The potential for disaster is fairly easy to calculate if your data center is in line with Hurricane Alley. During this Hurricane Season and future ones to come, tropical storms and hurricanes will thunder through Florida, barrel up the East Coast or crash onto the shores of the Gulf States, bringing with them floods, power outages and wind damage.
Until recently, the ultimate solution to a significant natural disaster was to build an offsite disaster recovery center. But a dedicated disaster recovery facility is not for the faint of wallet, with its ultra-high-speed link from your data center to the DR facility, and provisioned with duplicate computing equipment and added staff.
Fortunately, three things have aligned in the IT universe to make it much easier for small and medium-size businesses to achieve the same level of data protection enjoyed by big organizations for a reasonable investment. They are disk imaging, virtualization and the one kind of cloud that even hurricane survivors can appreciate, cloud services. And it’s just in time, as most organizations have customer and partner-facing applications that must be available non-stop, often 24 hours a day.
Imaging is the key to fast recoveries
Tape-based disaster recovery is quickly becoming a thing of the past, spurred by off-the-cliff falls in hard disk drive pricing, the sheer number of servers that even small organizations have to manage and the ascendancy in the last three-five years of highly reliable disk imaging-based disaster recovery solutions. Customer acceptance of disk-based solutions over tape-based solutions are also the outgrowth of compliance requirements for privacy protection and data retention (Both HIPPA and Sarbanes-Oxley come to mind) which pressure organizations to keep more new and old data immediately available and online for a period of years at a time. Even at its very best, tape-based disaster recovery still takes hours, often days, to rebuild servers and to retrieve archived data from tape. When you multiply the burgeoning number of physical and virtual servers in a typical data center, ranging from 10-20 in a small facility to thousands in a larger organization, a full and swift recovery on a machine-by machine basis using tape becomes nightmarish to consider, if not impossible to accomplish. That’s where image-based disaster recovery is a relative miracle, offering recoveries in minutes or hours rather than many hours or days, and even instant recoveries for mission-critical applications, all at a reasonable cost.

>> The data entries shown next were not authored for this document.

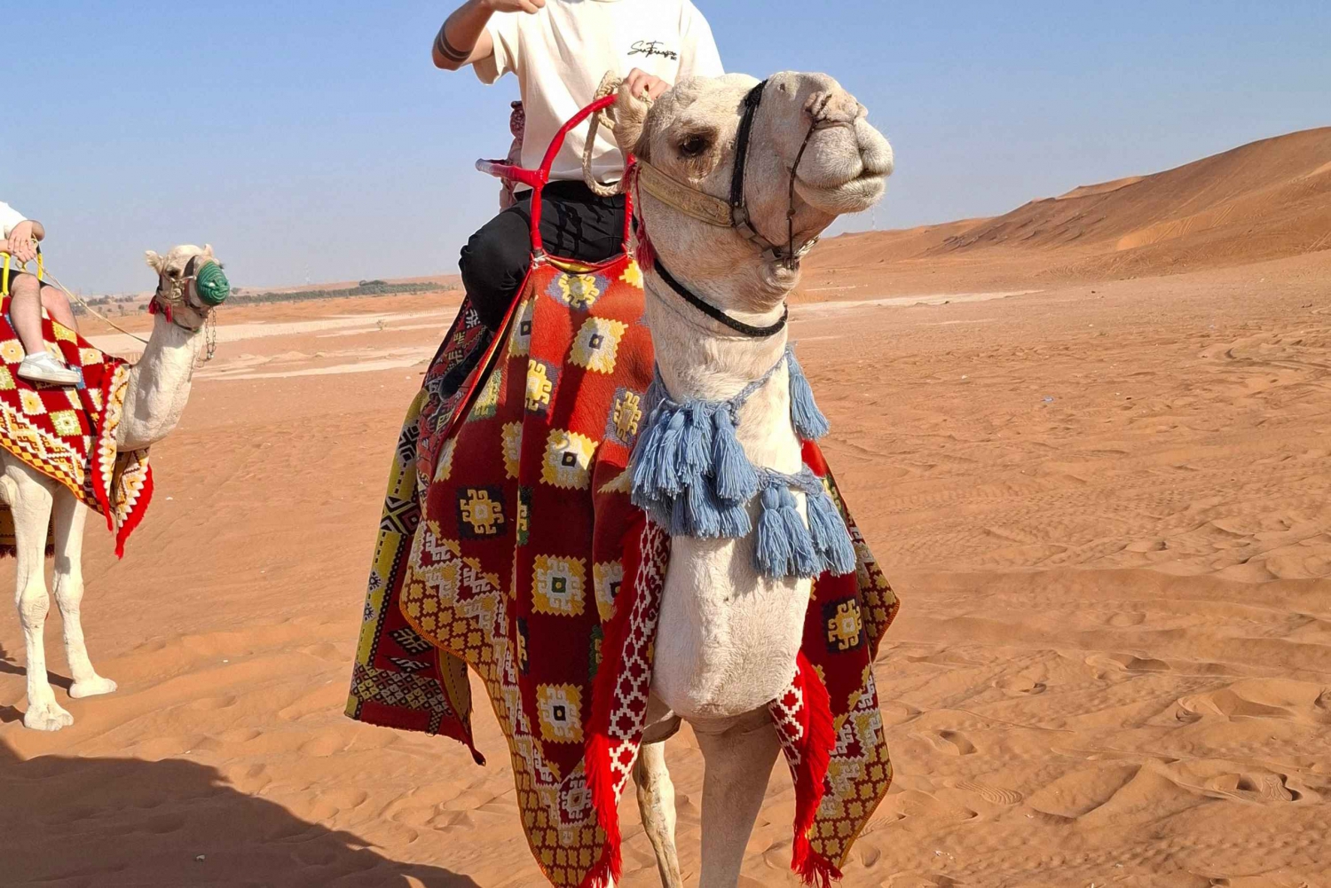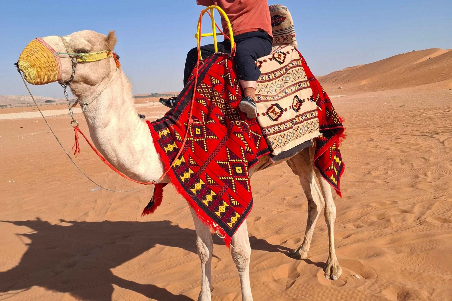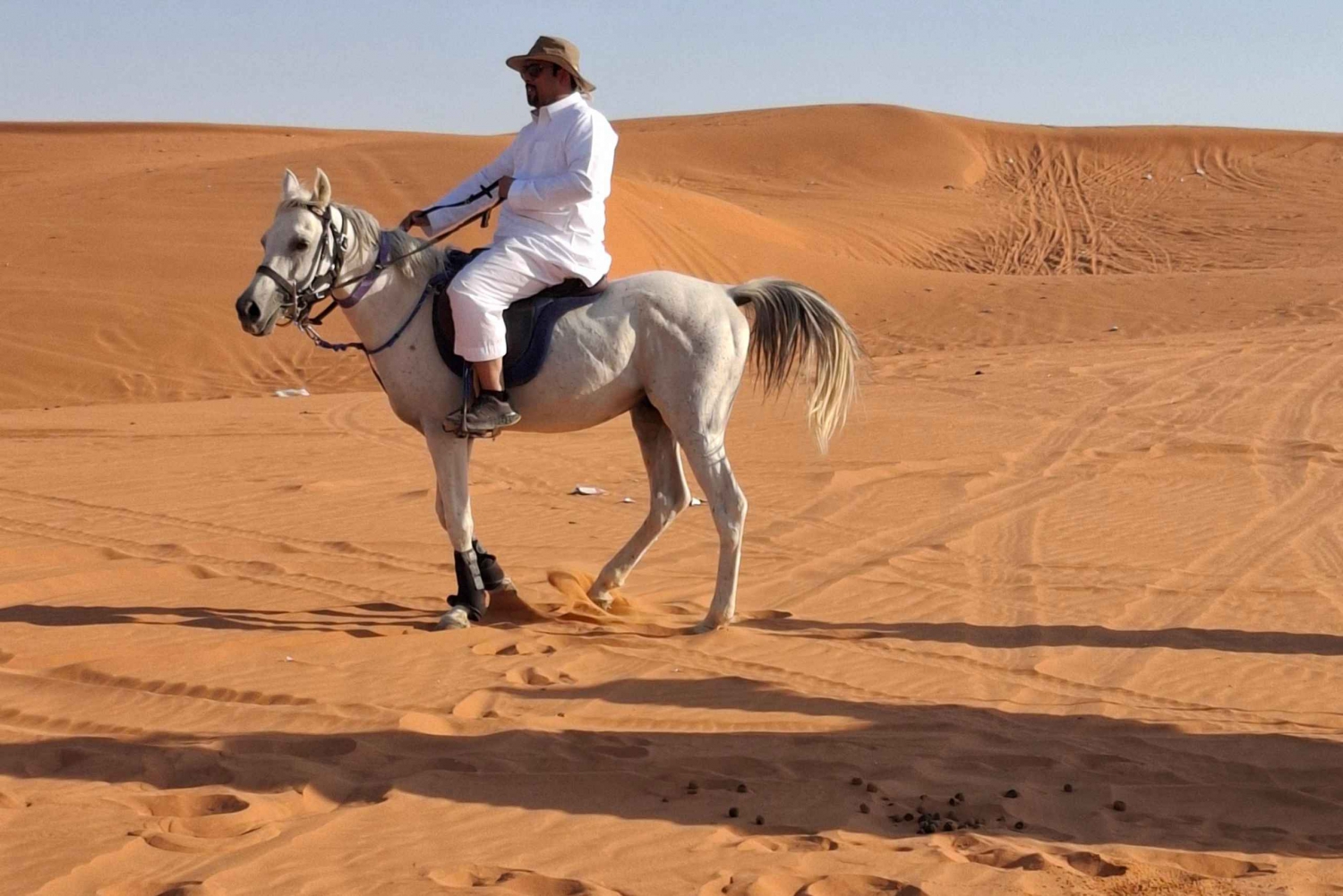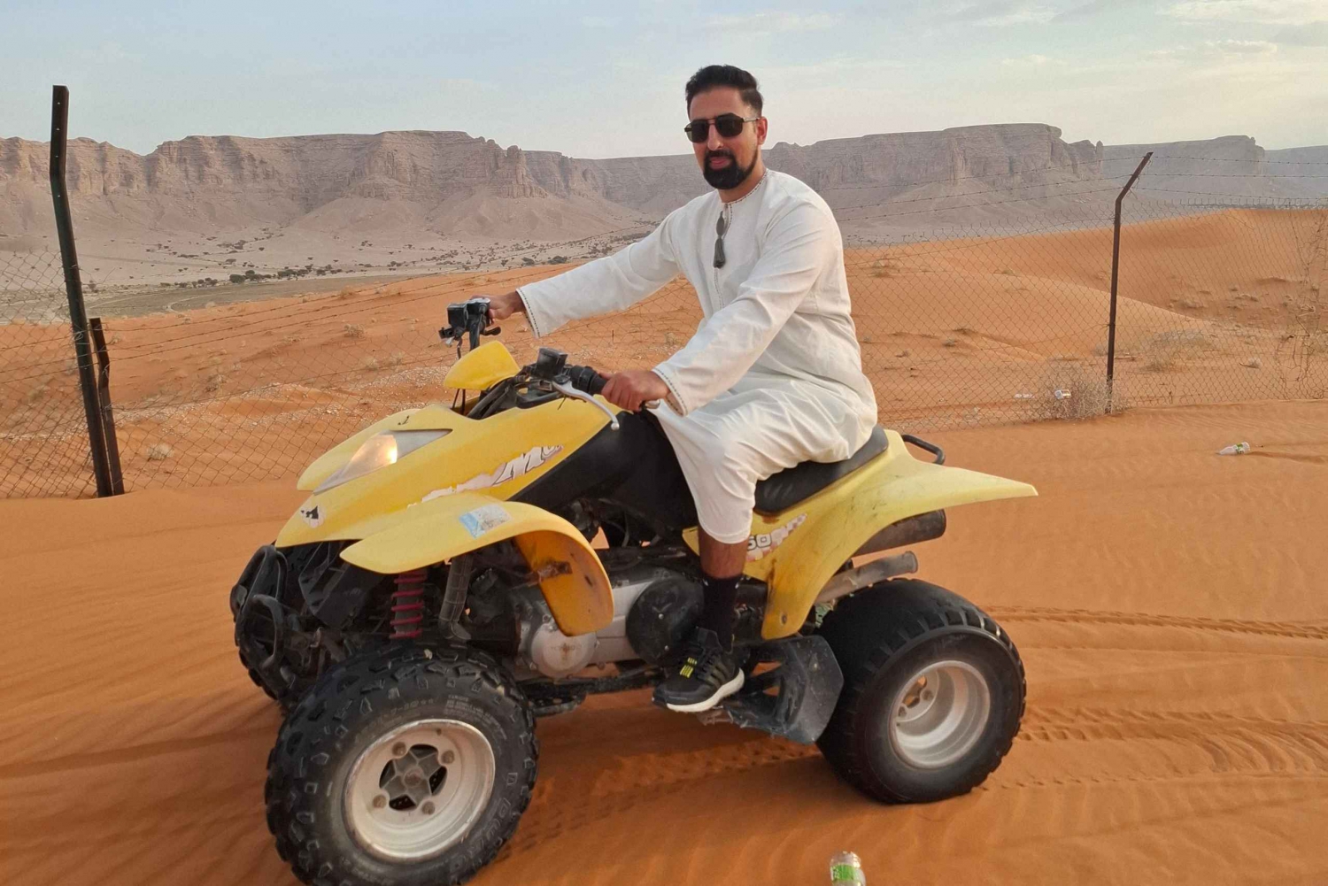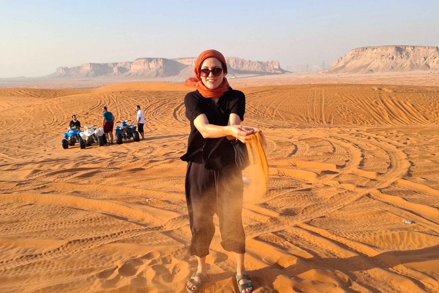 Oppdag og nyt et spennende ørkeneventyr på denne turen fra Riyadh. Nyt sanddynene, og lær om den arabiske kulturen med arabisk kaffe, søtsaker og te. I tillegg kan du oppleve kamelridning, firhjuling, sanddynevandring og fotografering. Sanddynene og klippene i Riyadh-ørkenen er som skapt for utendørsopplevelser. Ta det med ro og fokuser på det morsomme på denne turen. Dere reiser i et kjøretøy med klimaanlegg, og ved ankomst erobrer dere sanddynene mens dere nyter det enorme ørkenlandskapet. Instruksjoner, snacks og utstyr er inkludert for din egen komfort. Riyadh-ørkenen lover deg en uforglemmelig opplevelse som kombinerer enkelhetens sjarm med naturens magi.Includes
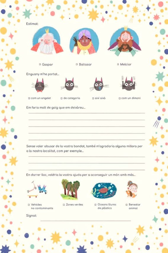 La carta incluye en la parte interior dibujos con vocabulario básico en valenciano y un espacio para que los niños y niñas hagan sus peticiones personales a Melchor, Gaspar y Baltasar, pero también incluye unos apartados más solidarios con buenos deseos y mejoras para la ciudad y para el mundo. Además, se dispone de la versión en blanco y negro para ser coloreada y sacar más provecho de la actividad.
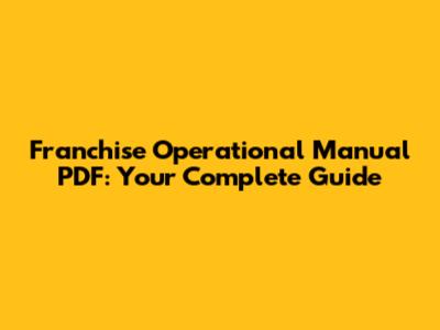 Franchise Operational Manual PDF: Your Complete Guide
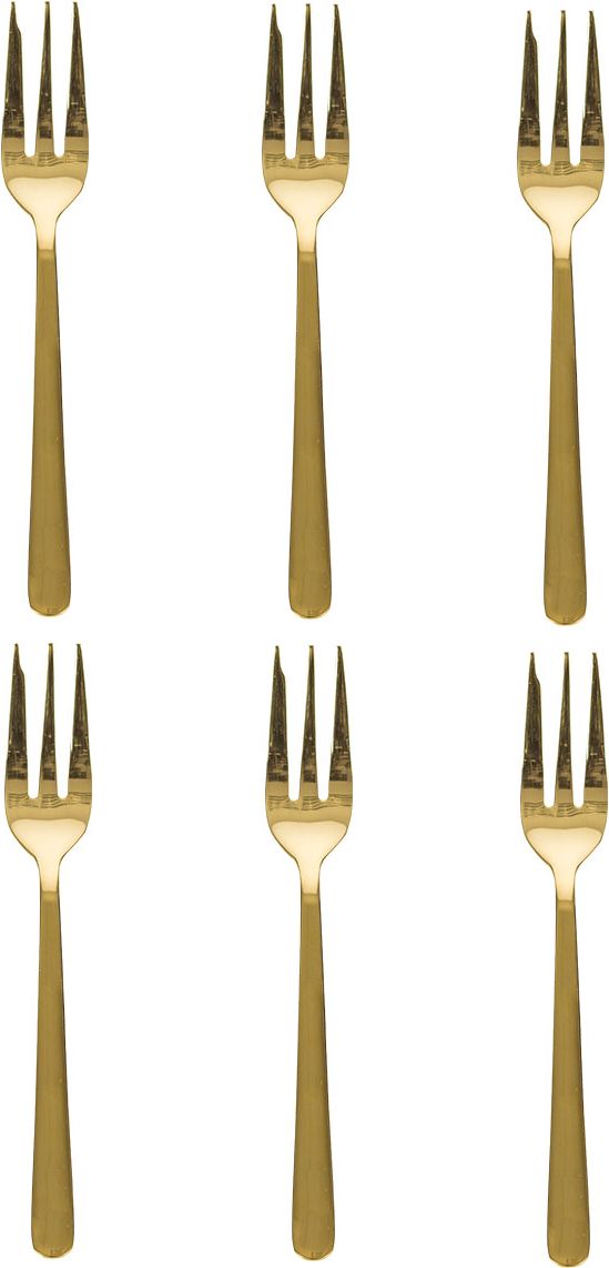 Praktyczny zestaw widelczyków do ciasta Goldi w kolorze złotym wykonanych z najwyższej jakości stali nierdzewnej. W komplecie znajduje się 6 sztuk.
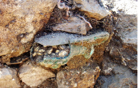 20 августа 2003 года на участке «И» города Мирмекий была обнаружена неожиданная находка. В то время как камни из остатков стены № 360 были удалены, член экспедиции А. Ковригин обнаружил клад монет, сделанных из электрума. Клад находился в маленьком бронзовом кувшине высотой 21,5 см. Пока он залегал в почве бронза сильно треснула и отслаивалась. Судя по внешним признакам, в нижней части ручки был небольшой сильно коррозированный рельеф с изображением того, что, скорее всего, было медузой Горгоной или львом.
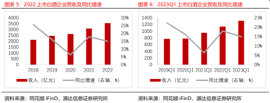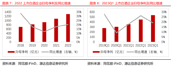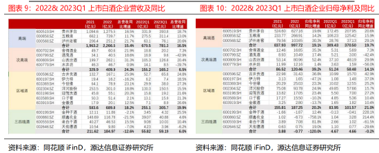 2022 年,上市白酒企业总营收达到 3552.5 亿元,同比增加 15.0%,归母净利润 1304.7 亿元,同比增长 20.3%。2023Q1,上市白酒企业总营收达到 1311.4 亿元,同比增加 15.4%,归母净利润 535.2 亿元,同比增加 19.1%。受疫情影响,白酒消费场景受限,营 业收入及净利增速均有所下滑,但上市白酒企业整体向好的趋势并未改变,业绩持续实现增长。
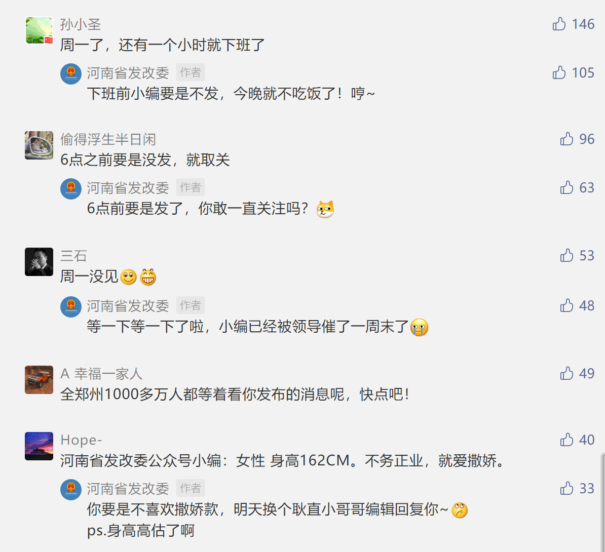 其实在《规划》出台之前, 河南省发改委的微信公众号就发了4月19日要出台《规划》的预告,许多网友早早地搬着“小板凳”坐等,活泼的公众号小编及时与网友互动,着实吸粉不少。
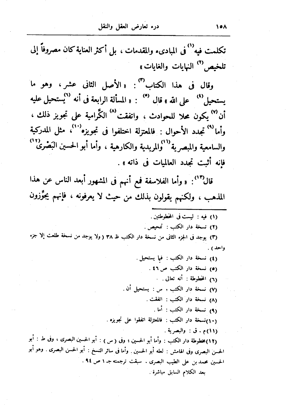 وقال في هذا الكتاب: (الأصل الثاني عشر، وهو ما يستحيل على الله) قال: (المسألة الرابعة في أنه يستحيل عليه أن يكوم محلاً للحوادث، واتفقت الكرامية على تجويز ذلك، وأما تجدد الأحوال: فالمعتزلة اختلفوا في تجويزه، مثل المدركية والسامعية والمبصرية والمريدية والكارهية، وأما أبو الحسين البصري فإنه أثبت تجدد العالميات في ذاته) .
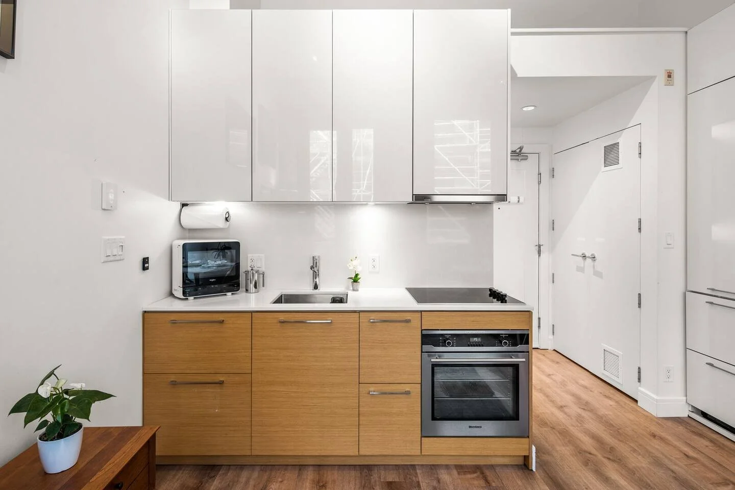 This vibrant and modern studio boasts an open-concept design with beautiful exposed brick, high ceilings, and abundant natural light from the building's original architecture. Modern, upscale appliances and amenities like the electric fireplace complement these historic features. Guests sleep on a comfy queen-size mattress topped with high-end pillows and bedding; moreover, the smart European-style Murphy bed easily transforms into a dining table, creating an intimate dining space for two. Finally, this suite has a high-efficiency, in-suite washer and dryer with detergent, high-speed wifi, smart television with access to all your favourite streaming services.
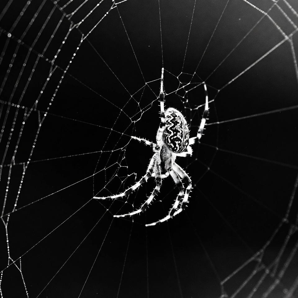A spider with a patterned body sits in the center of its intricate web. The image is captured in black and white, highlighting the delicate strands of the web against a dark background. The spider's legs are spread out, gripping the web.
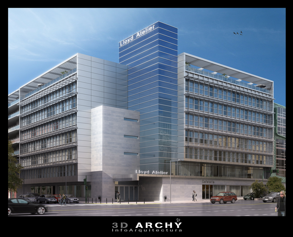 Bueno, Vray Sun, mensaje en Adobe Photoshop, el asfalto tiene esa reflexión por una cuestión de gusto efectivamente (al estilo de las acuarelas de antaño), en cuanto a la reflexión de los cristales no sé muy bien a qué te refieres exactamente Boanner, en la fachada derecha del edificio las lamas que vuelan proyectan una sombra rayada sobre la carpintería, tras realizar varias pruebas de orientación del sol, esta es la que mejor quedaba. Gracias y un saludo a todos.
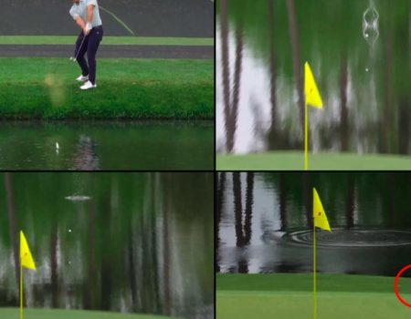ในหลุ่มที่ 16 ผู้เข้าแข่งขัน Bryson DeChambeau ก็ได้โชว์สกิลการตีสปิน เพื่อให้ลูกกอล์ฟ มันสปินกระเด้งดึ๋งบนผิวน้ำ เข้าไปสู่กรีน
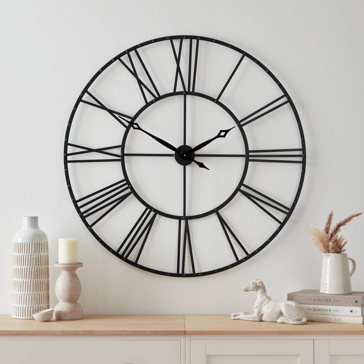 Introduce a stunning focal point to your room with this oversized skeleton clock. Featuring a metal structure, classic roman numerals and classic styled hands, this skeleton clock will bring an timeless style to your home and would suit a range of interiors.
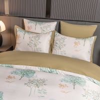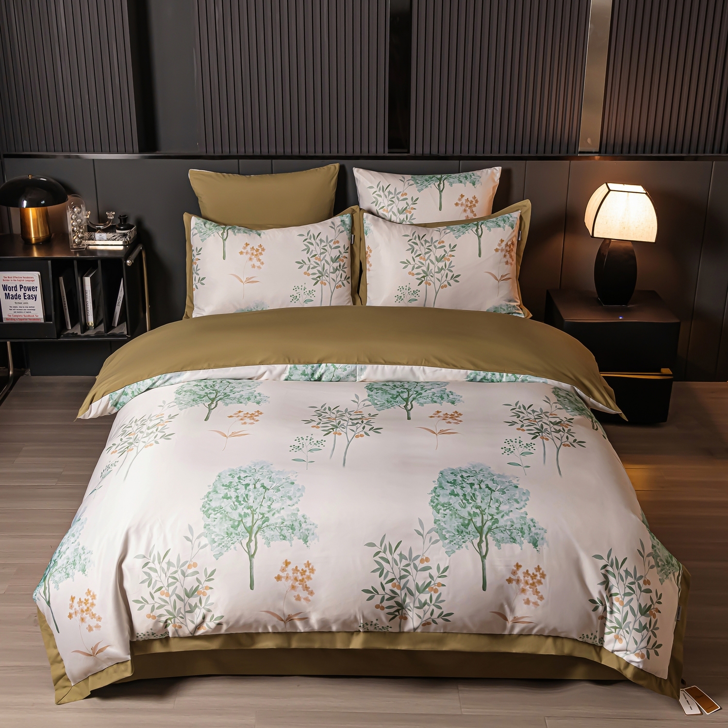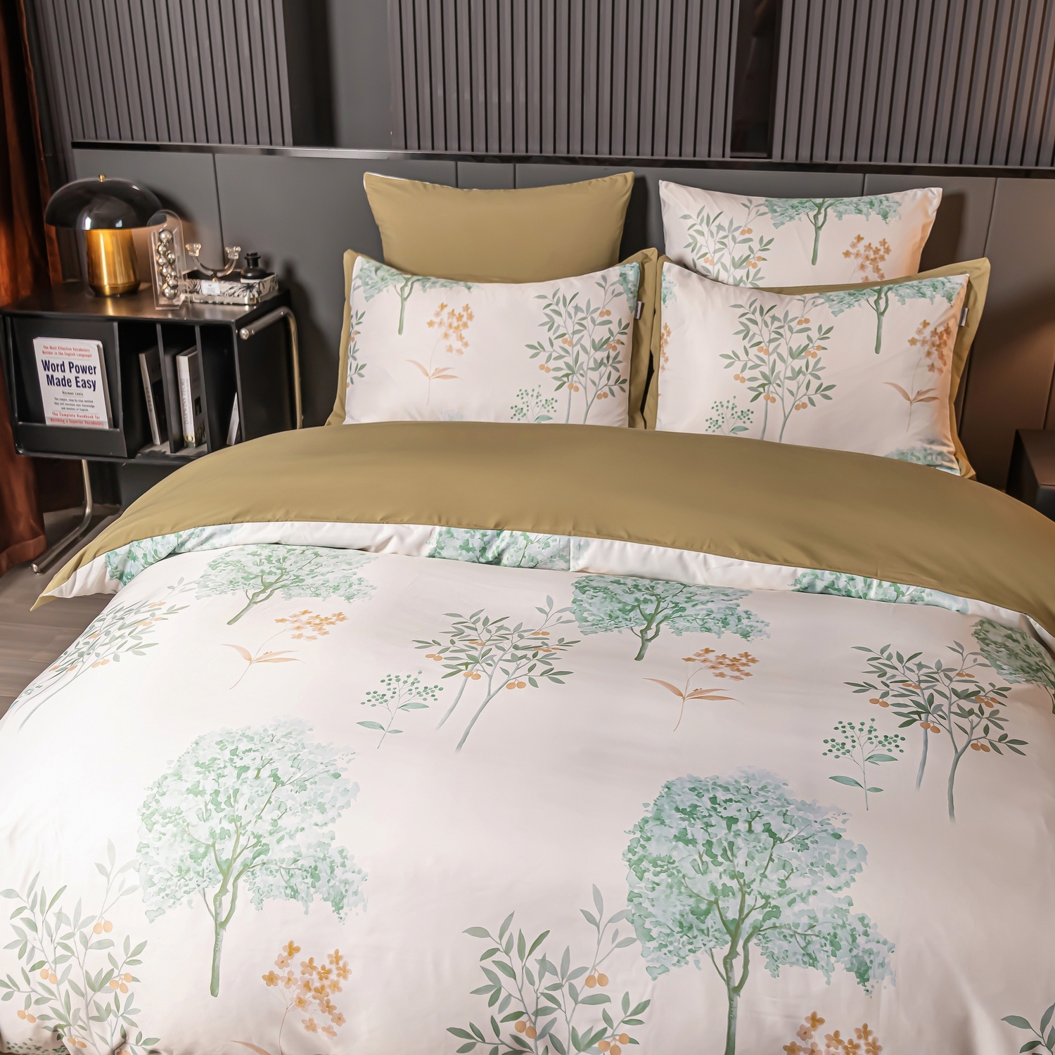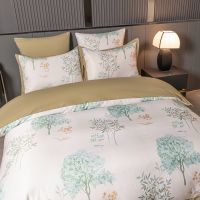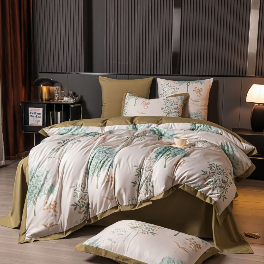 Ткань компаньон: Верх пододеяльника - мерсеризованный сатин, низ пододеяльника - сатин. Наволочки 50*70 см и 70*70 см с разных сторон разной расцветки. Пододеяльник с разных сторон разного цвета. Простыня однотонная такого же цвета, как низ пододеяльника.
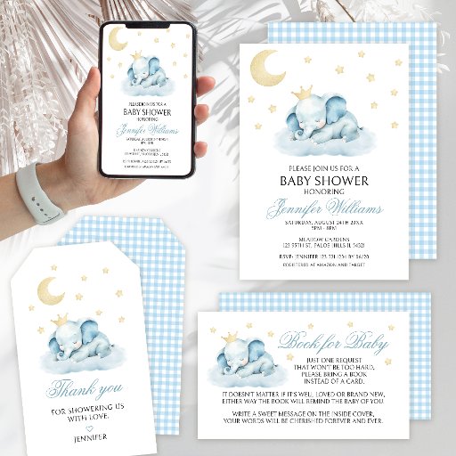 Celebrate your little one's arrival with our adorable and elegant ‘Little Peanut’ themed baby boy shower invitation! Featuring a charming watercolor baby elephant sleeping on a cloud surrounded by golden stars and moon. This timeless design is perfect for a classic, boho, or storybook-inspired baby shower. A delightful way to set the tone for a memorable and stylish celebration!

But for all their promise, not all disk imaging-based disaster recovery systems are created equal. For instance, it’s no longer necessary to take a machine offline, however briefly, to image it for backup, as some solutions require, when instead you can take a snapshot of a live machine. This pays dividends, maintaining data currency on fast-moving customer facing applications like Microsoft Exchange and many SQL applications that can’t lose an hour or two worth of data before the loss impacts revenues and operations.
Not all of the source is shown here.